Japan December Tokyo CPI ran hot. Headline came in as expected at 4.0% y/y vs. 3.7% in November, while core (ex-fresh food) came in two ticks higher than expected at 4.0% y/y vs. 3.6% in November. Both are new cycle highs and suggests further upside in the national CPI too. The Bank of Japan will release updated forecasts at the upcoming January 17-18 meeting and reports suggest inflation forecasts will be increased significantly. November household spending was also reported and came in at -1.2% y/y vs. 0.5% expected and 1.2% in October. It’s clear that rising inflation is taking a toll on household incomes and spending.

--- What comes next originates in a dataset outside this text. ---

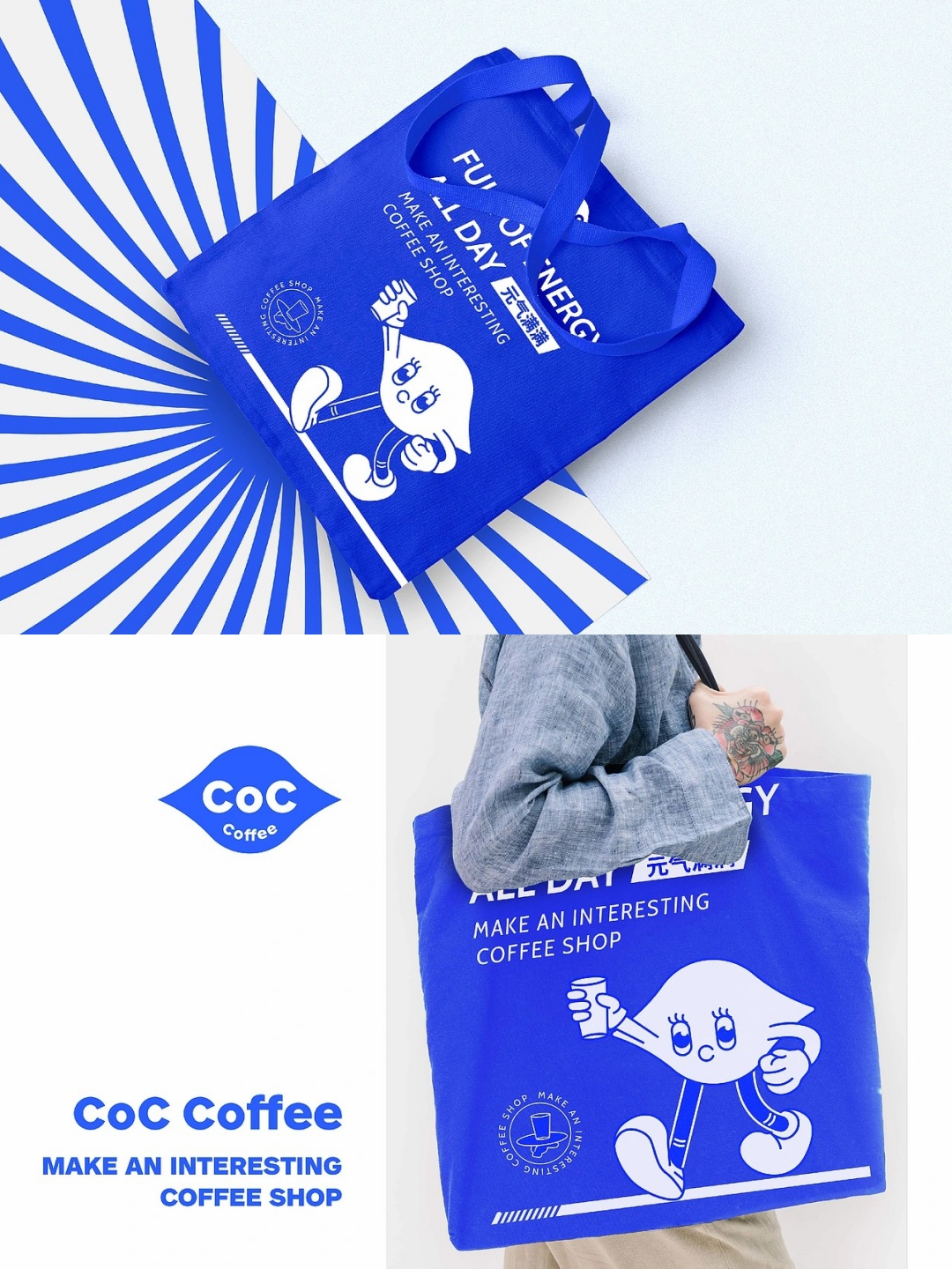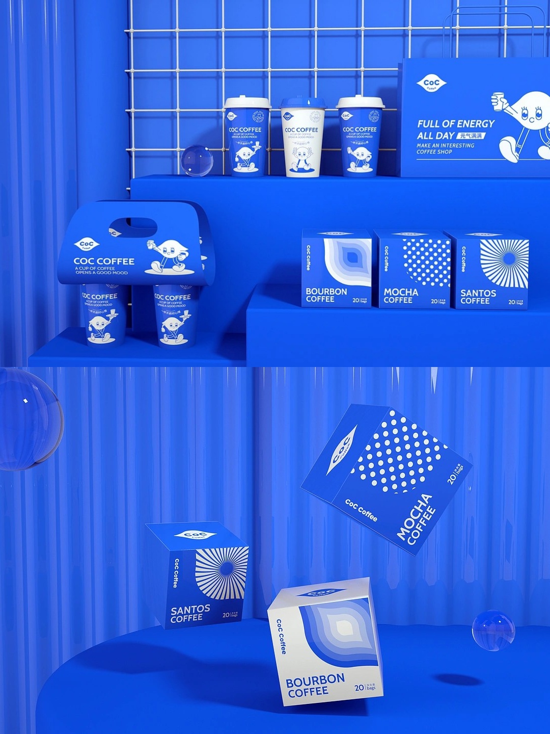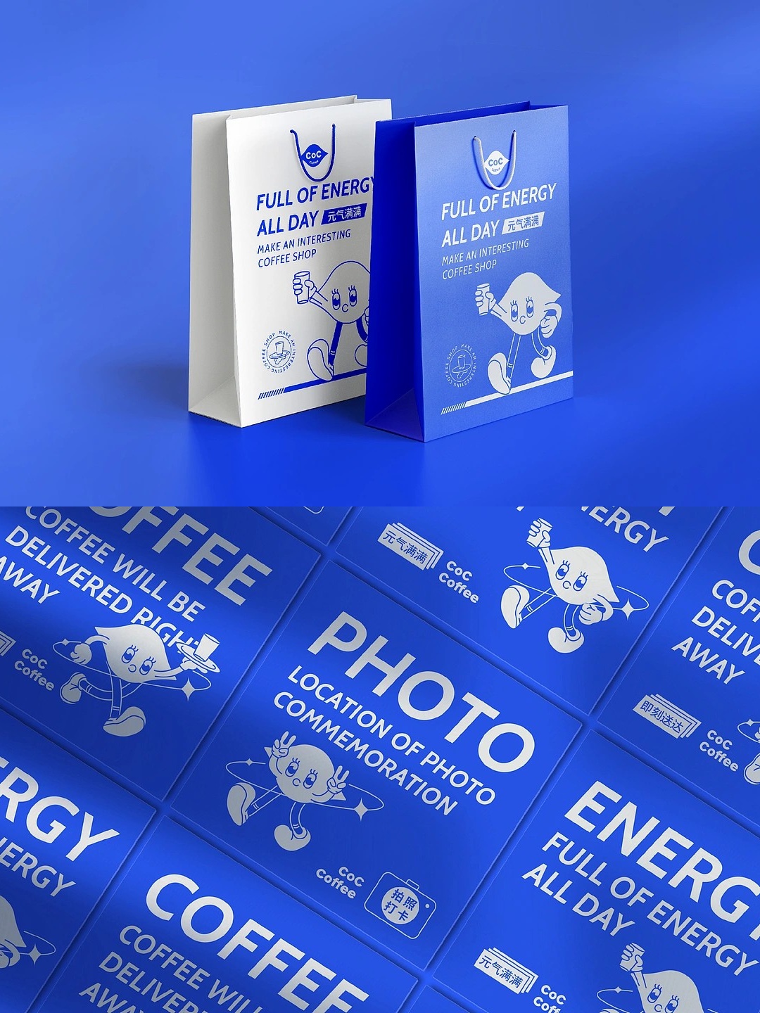 以明亮的蓝色为主色调,搭配可爱又有辨识度的卡通形象,瞬间抓住眼球~从咖啡杯、打包袋到各类周边,整体设计风格统一且充满趣味,人们生活节奏急速,现代人的生活压力庞大,越来越多人更关注个人健康,咖啡作为上班族的醒神产品,除了醒神作为早餐还很便捷,无疑成为当下一种主流消费。CoC Coffee是一家小众的咖啡品牌店,我们希望我们能温暖每一个积极向上的年轻人,让彼此能在这座喧嚣的城市中找到自己内心的方向,我们专注于咖啡的品质和体验,让您感受到不一样的温暖和安心

BOJ tightening expectations remain elevated. No change is expected at the January 17-18 meeting. However, WIRP suggests nearly 30% odds of liftoff at the March 9-10 meeting and 95% at the April 27-28 meeting. We believe liftoff is likely to come earlier than we previously anticipated, with significant risks of a move in Q2 vs. H2 seen previously. Given Kuroda’s penchant for surprises, we cannot rule anything out right now and even Q1 is possible, especially as inflation continues to run hotter than previously expected.

China reported mixed December money and loan data. New loans came in at CNY1.4 trln vs. CNY1.2 trln expected and CNY1.21 trln in November, while aggregate financing came in at CNY1.31 trln vs. CNY1.85 trln expected and CNY1.99 trln in November. December CPI and PPI data will be reported Thursday. CPI is expected at 1.8% y/y vs. 1.6% in November, while PPI is expected at -0.1% y/y vs. -1.3% in November. Policymakers are totally focused on boosting growth right now and so the inflation data will have little impact. We expect further stimulus measures in Q1.